Ponchito estaba engolosinado en la paliza cuando llegaron los refuerzos. No quise ver más: corrí a la casona pensando en que el testimonio del policía golpeado podría relacionarse con el crimen. Al dar la vuelta a la esquina me crucé de frente contra el periodista que, sudoroso, se apresuraba a dejar el lugar con sus bártulos fotográficos hechos un molote bajo el brazo.
Una o dos horas más tarde la casona fue conmocionada por la presencia de dos policías que arrastraban a Ponchito esposado hasta el apartamento de sus padres. Desde que lo vi cruzar el patio reconocí en él un gesto de peligrosa dignidad: miraba obstinadamente al piso. Los guardias se presentaban a negociar la libertad del hijo antes de llevarlo a la delegación; ahí, el agente del ministerio público podía condenar al energúmeno a la degradación del reformatorio y al golpeado —que ya convalecía en su casa— a las miserias de una indemnización poco realista.

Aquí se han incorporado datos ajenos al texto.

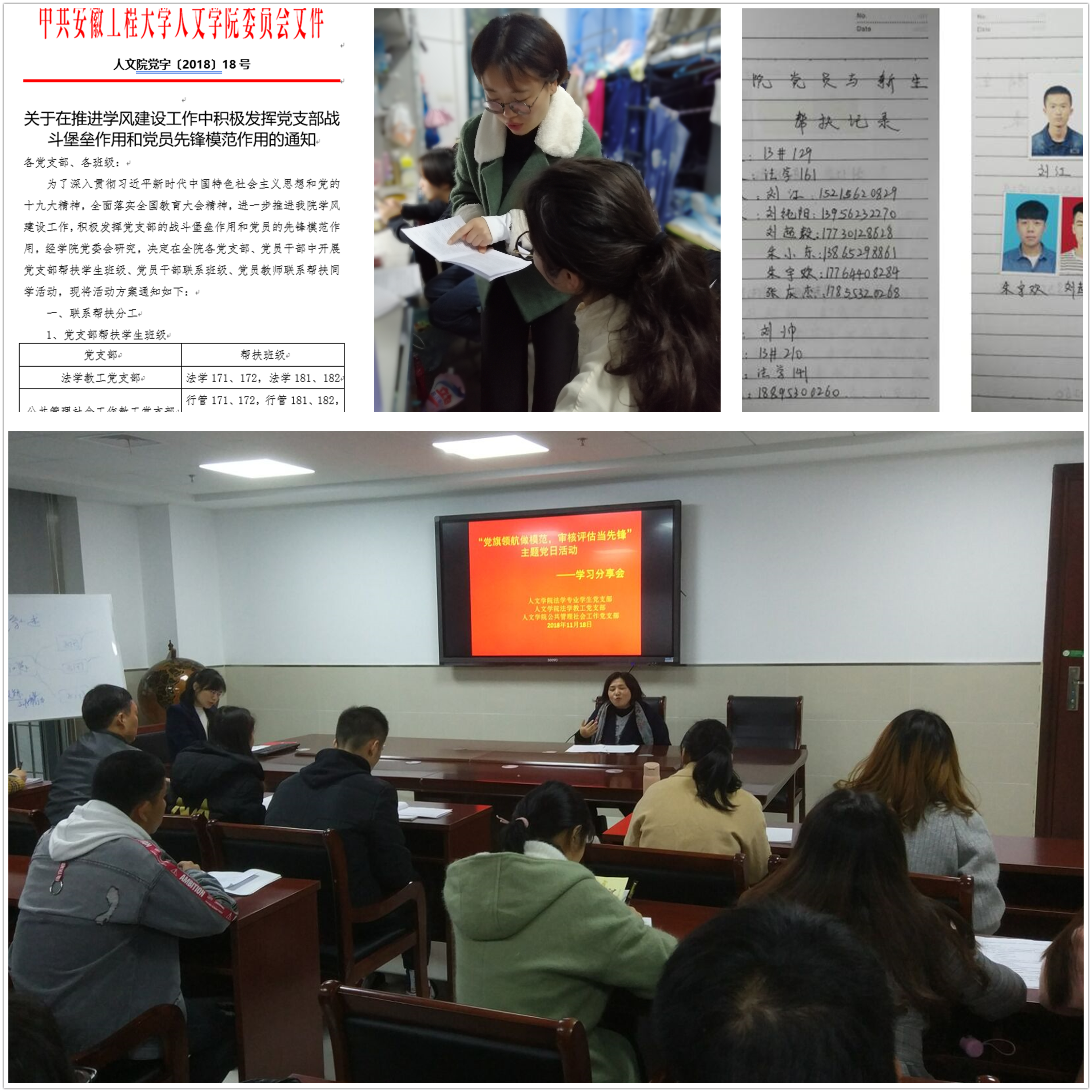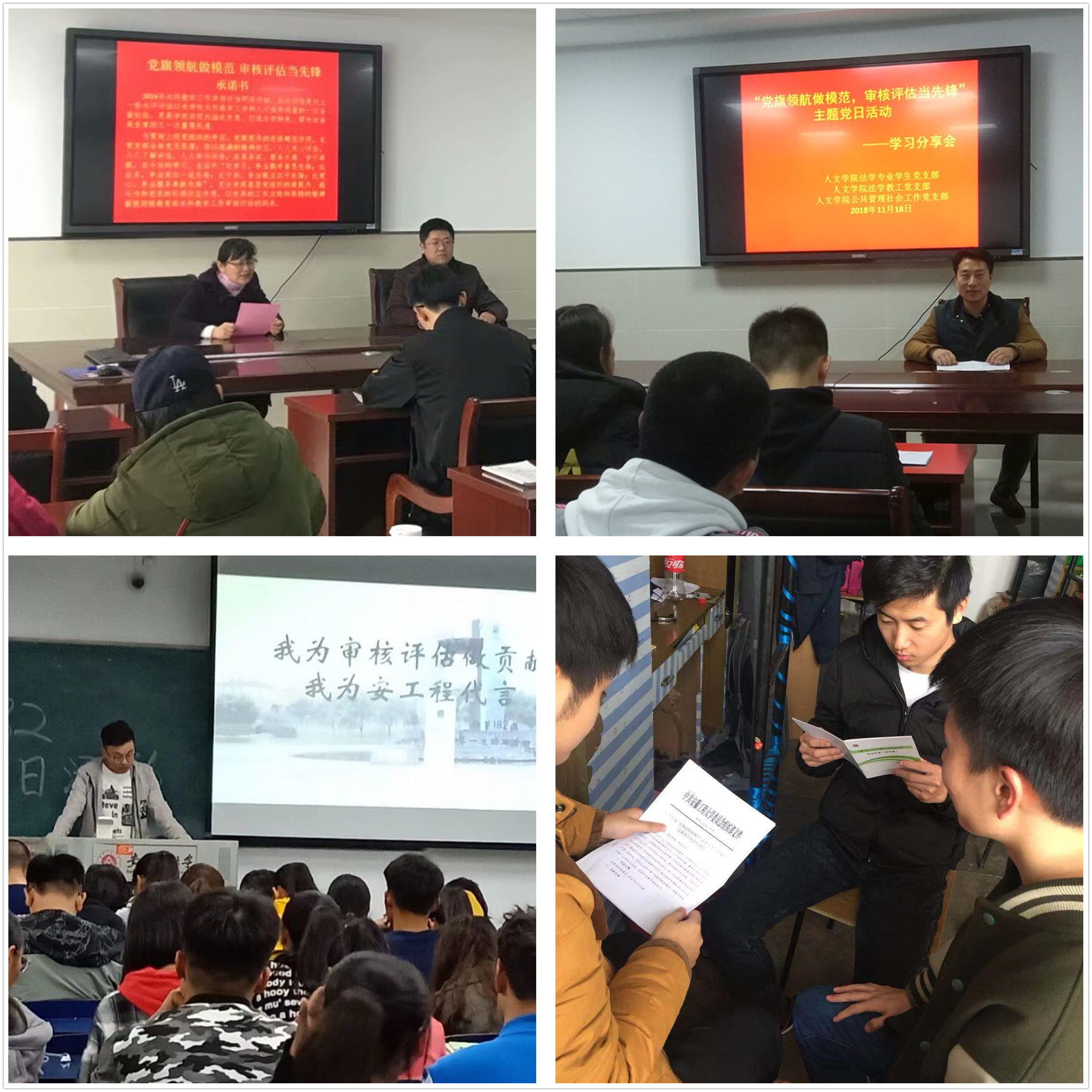 自2018年11月初,人文学院扎实开展“党旗领航做模范 审核评估当先锋”主题党日活动,学院党政领导、教工党员、学生党员、发展对象及教工党支部、学生党支部、党校等开展分层次、有针对性的本科审核评估学习宣传教育活动,充分发挥基层党组织的战斗堡垒和党员的先锋模范作用。

Las negociaciones fueron públicas: los policías contaban con la vergüenza de los padres de Ponchito para conseguir una suma generosa a cambio de la libertad de su hijo. Además, sabían que entrar a la casa era propiciar la acusación de allanamiento de morada en caso de que las cosas no salieran como planeaban, por lo que sentaron al muchacho entre las macetas y alegaron de pie, justo unos centímetros detrás de lo que un juez quisquilloso y bien aceitado hubiera podido reconocer como el umbral de la propiedad privada de los Aguilar. Toda la vecindad salió a sus puertas y balcones. Yo, precavidamente, me mantuve dentro de nuestro departamento, atisbando la acción entre los pliegues de una cortina cerrada: aunque el policía golpeado no estaba entre los captores de Ponchito, me pudo haber descrito.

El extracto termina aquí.